Confident and sure within Dana’s body, Thoth walked toward me.

I could see it now, but he wasn’t trying to hide it anymore.

“I took you out of the game,” he said, Dana’s voice holding the shadow’s haughty cadence.

“You were supposed to live out your pathetic life pining for something I stole from you. And yet you leave me impressed. Your skills are not weaver, nor shadow. It almost pains me to do this, such a harsh sentence for one with so much potential. But I suppose it’s just, if you were going to do it to me. ”

My expression blanked. He was going to put me in a bottle? How?

You will not touch her, Pluck threatened, his thoughts icy in mine.

“That’s Thoth!” Herm shouted, the man sitting on the floor as he struggled to unlace his shoes. “Benedict…”

Thoth smacked Benedict’s magic down with half a thought even as the threads of Dana’s magic began to swirl about Pluck and me like migraine stars.

“You will never win, Pluck. You want a perfect balance, but mages kill perfection,” Thoth said through Dana, and then I gasped when Thoth harnessed the woman’s magic and the energy from her lodestone cascaded over us.

Vertigo hit me as I felt the world shift.

I gasped as the world turned inside out and I was floundering.

Energy poles flipped to align mass and make the space within them line up—and I sank into the floor.
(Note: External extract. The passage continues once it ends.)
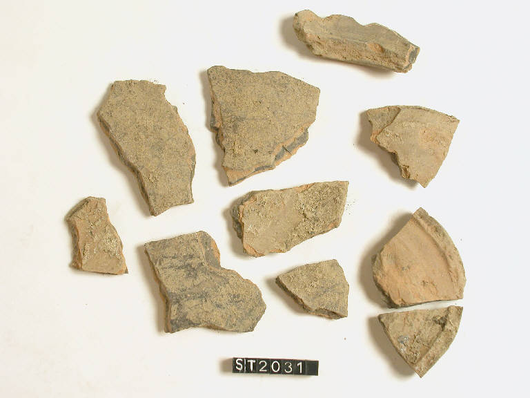 Recipiente di forma chiusa, di cui non è possibile stabilire con esattezza la forma; fondo concavo. Frattura nera con piccoli margini arancio.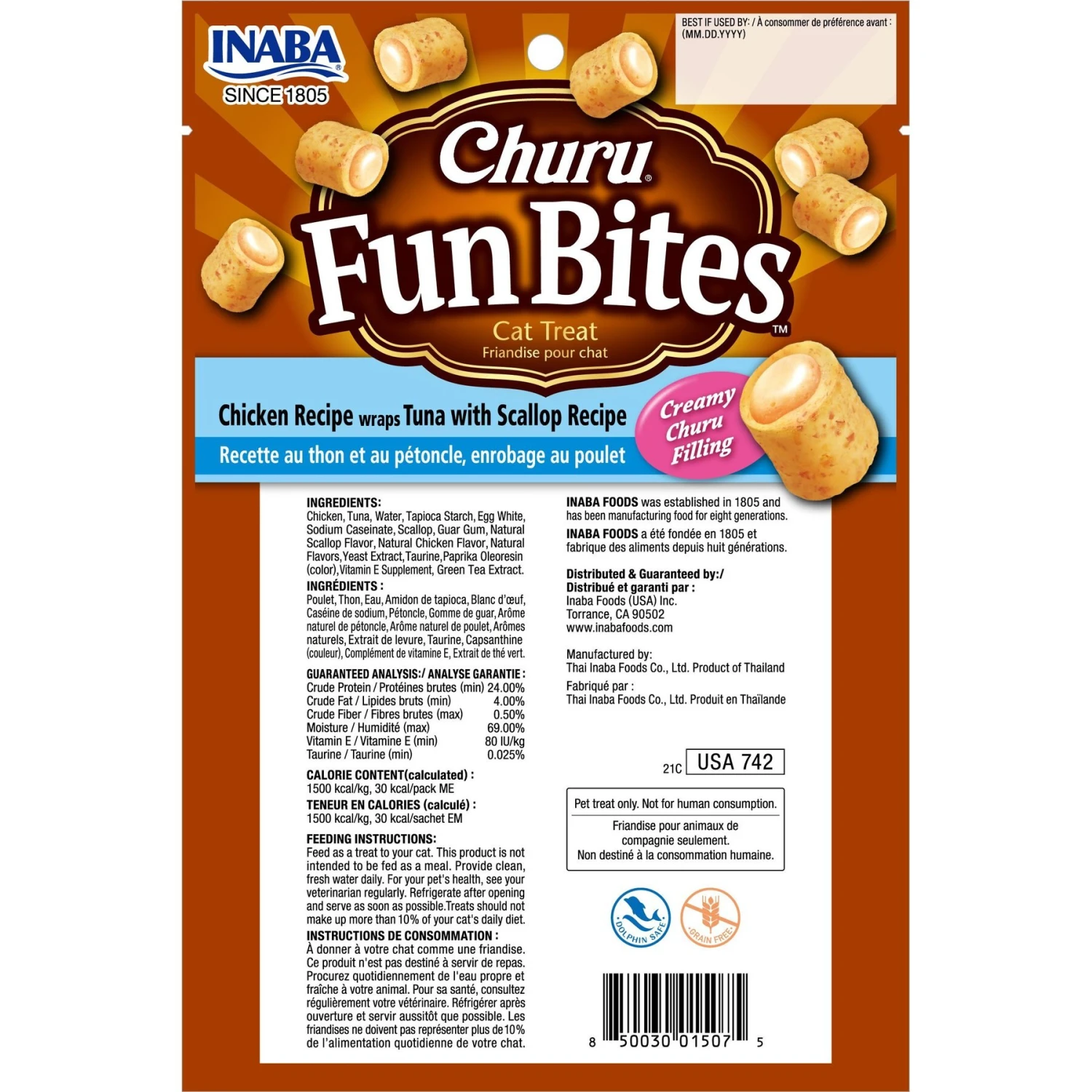 Inaba Cat Churu Fun Bites Chicken, Tuna, & Scallop Flavored Wraps Natural Chewy Cat Treats, 2.1-oz, 3 Count

“Pluck!” I shouted as I scrabbled for a handhold that no longer existed. Triumphant, Dana watched as I felt myself slip…And then I fell, sinking through cement and rebar as if they were clouds.

I hit the floor of the room below with a painful thump.

I struggled to breathe; my breath was knocked out of me.

I couldn’t see, and I forced myself onto my hands and knees and blinked to try to make my eyes work.

The echoes of my breath came back from distant walls, but there was no light.

There was nothing. All I could sense was a smooth perfection under my hands.

“Benny?” I rasped, thinking I had passed out, but he didn’t answer.

More rasping hisses rose as I shifted to sit. My head hurt, but I managed to inhale to create a mass of threaded dark matter between my hands. Choosing one strand, I pulled it tight, feeling a surge of cold when the light reflected off the glistening distant walls.

“Oh no,” I whispered as I looked up, not at the expected silver disk and collapsed diaphragm of Biosphere 2’s lung but at the shiny, smooth nothing of what had to be a vault, a glass-lined, unbreakable, sealed vault.

“Pluck?” I called, and then I saw him as he sat, knees pulled to his chin.

“I know of no way to get out,” he said.

We were caught, both of us, like shadows in the noon sun.